I have a planted discus aquarium that also has some rams, small tetras, otos, and one angel. Last night I couldn't belive my eyes,some of my oto catfish were just gourging them selfs on my sleeping discus slim coat. I thought this guys were suppose to be harmless. The discus aren't showing signs of stress but I'm worried of later problems. I feel like I can't have any algea controll without it harming my discus. I've already taken out some algae eaters and flying foxes out for the same resome. I've also introdused some chery shrimp but they disappeared. I think ether the angel our the discus ate them I stilll bon't know who. So if there's any of you planted aquarium guros that knows the answer to my trobles please help.


----------



## Damon (Jan 18, 2005)

First question i have to ask is are you sure they are otos and not cae? Many stores sell cae as otos. Not to insult your intelligence but I dont know your experience with fishtanks.


----------



## trashion (Aug 24, 2007)

it actually has been documented that otos will feed on the slime coat of slow moving, flat fish. IE, discus. sorry :\


----------



## Franman (Jul 20, 2007)

I'm certain their otos. Its the same as the trashion's pic. I've had them before with angels and never had any problems.


----------



## The Tick (Jan 14, 2008)

Ah, Franman, you battle a wicked foe. The vicious slime-sucker parading as an innocent Oto! Unfortunately, as trashion said, this is not uncommon. Try having a talk with your Otos and convince them that evil is not the path they should choose. Sometimes that's all it takes to turn a young lad around. 

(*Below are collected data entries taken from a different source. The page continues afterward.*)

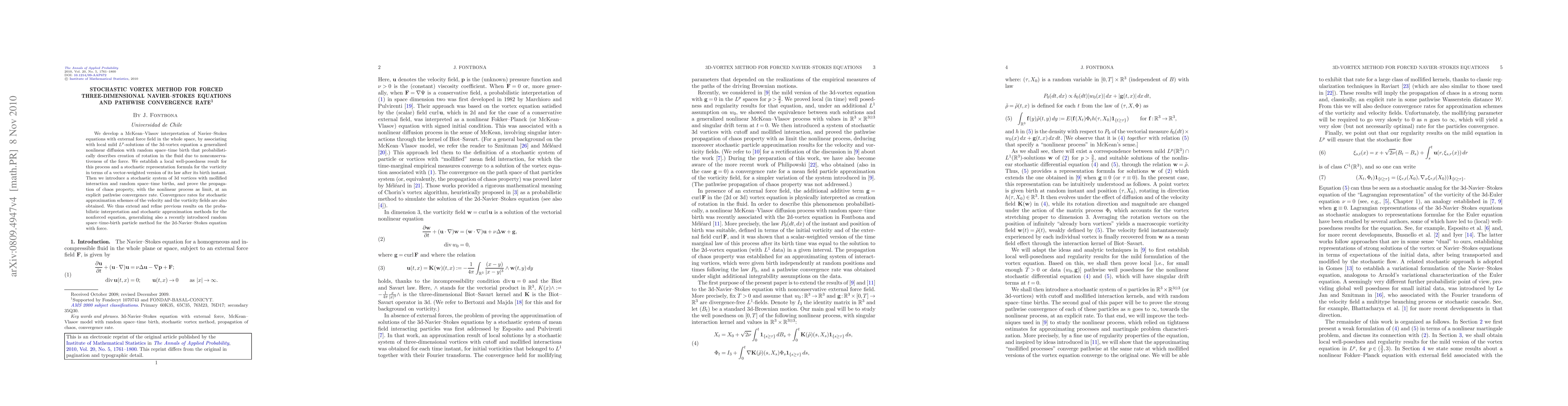 This paper develops a stochastic vortex method for the forced three-dimensional Navier-Stokes equations, establishing a local well-posedness and proving pathwise convergence rates. It introduces a stochastic system of vortices with random births and proves the propagation of chaos property.
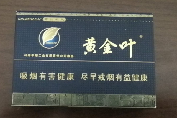 黄金叶(茗仕之风)的包装采用了暗蓝色,正面印有黄金叶的标识,外观典雅高贵,其口感柔和细腻,味道香醇,且烟气清淡,回味悠长,不足在于抽完容易口干。
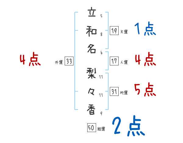外運![]() | 立和名梨々香さんの外運は33画の4つ星!権力志向でプライドが高い。勇気があり運を切り開き成功する。 生活面を象徴する運勢です。外部から受ける影響力を表し、結婚運、家庭運や職場、環境への順応性を表します。 |
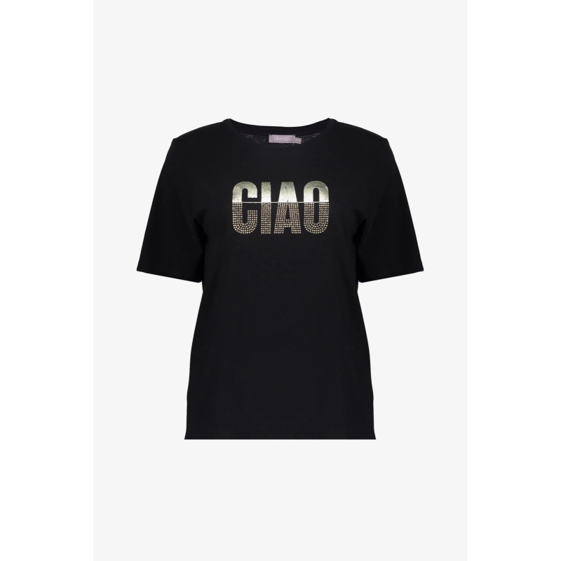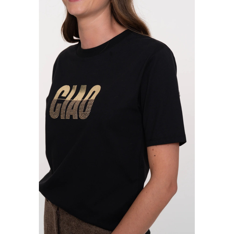 T-shirt noir avec écriture "Ciao" doré et clous assortis de chez Geisha.
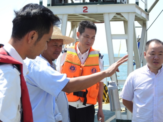 服务队一行人员实地察看了“振渔1号”深海养殖平台运转情况和科学高效养殖操作模式,听取了项目业主对“振渔1号”有关情况的介绍,随后进行了座谈,详细了解该项目在养殖生产过程中存在的问题与困难。
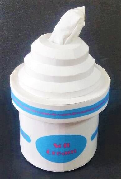 JIS規格に適合したサイズのトイレットペーパーが格納でき、紙を引き出してちぎると「ソフトクリーム」らしい外観になる遊び心のあるアートです。
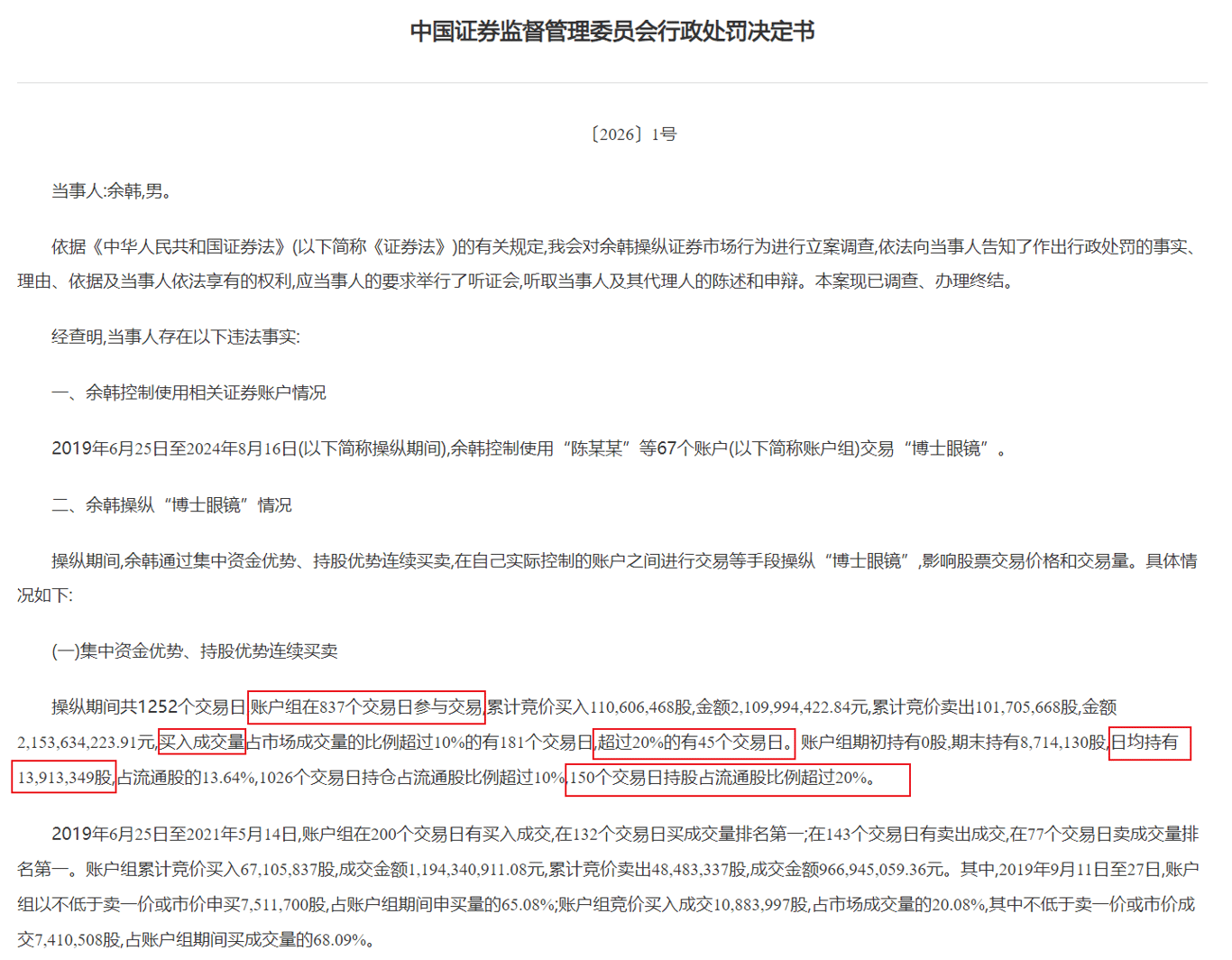 这张罚单,也是2026年的“1号罚单”,主角余韩,用了5年时间,做了一场“专注”的实验:他只盯着一只股票反复炒作——博士眼镜。
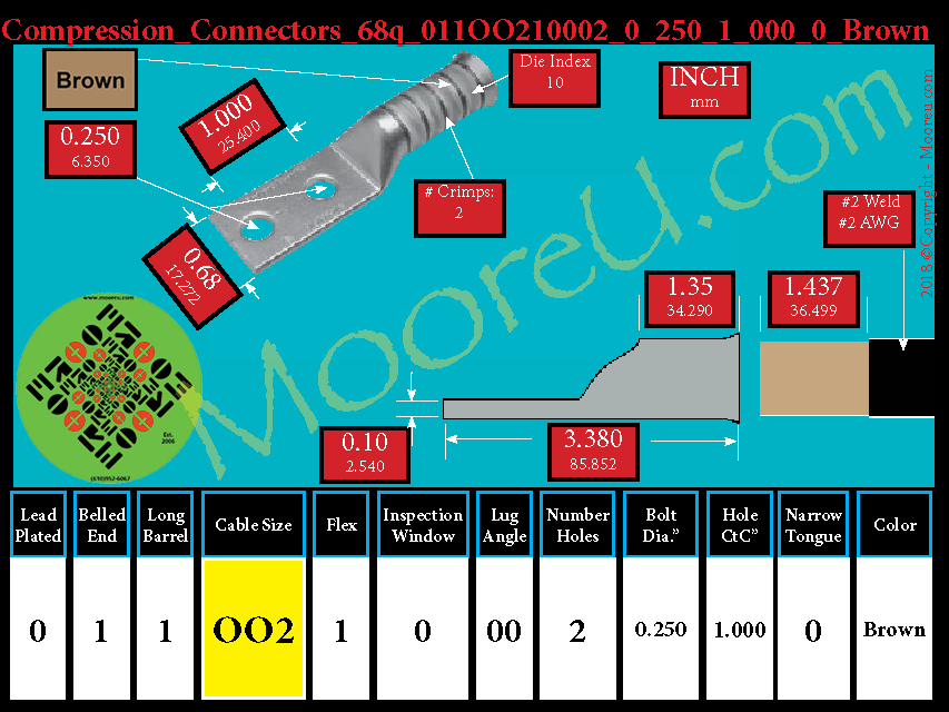 Each, Color: Brown, Lead Plate: No, Belled: Yes, Barrel: Long, Conductor: 125/24 - 150/24 #2 Weld #2 AWG, Flex: Yes, Inspect Window: No, Angle: OO, Num Holes: 2, Bolt Size Dia: 1/4", C To C: 1", Tongue: Std, Tongue Wide: 0.68, Barrel L: 1.35, Thick: 0.10, Length: 3.38, mm x mm= 35
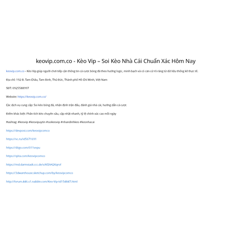 keovip.com.co - Kèo Vip giúp người chơi tiếp cận thông tin cá cược bóng đá theo hướng logic, minh bạch và có căn cứ rõ ràng từ dữ liệu thống kê thực tế. Địa chỉ: 192 Đ. Tam Châu, Tam Binh, Thủ Đức, Thành phố Hồ Chí Minh, Việt Nam SĐT: 0925588997

If that doesn't work, you may have to resort to such barbaric practices as algae scrubbing. It kinda sucks, but nothing feels better than some good old fashioned hard work! Well, except for not having to work hard...that definitely feels better, but hard work takes second.


----------



## Franman (Jul 20, 2007)

I tried talking to them but that didn't work. So I figured that maby the tank was too clean so I throw in a algea waffler at night when their most active.
They seemed ot have stoped for now. Do you guys think that if I add one more hour of light in the tank to produce more algea the onslot will stop?


----------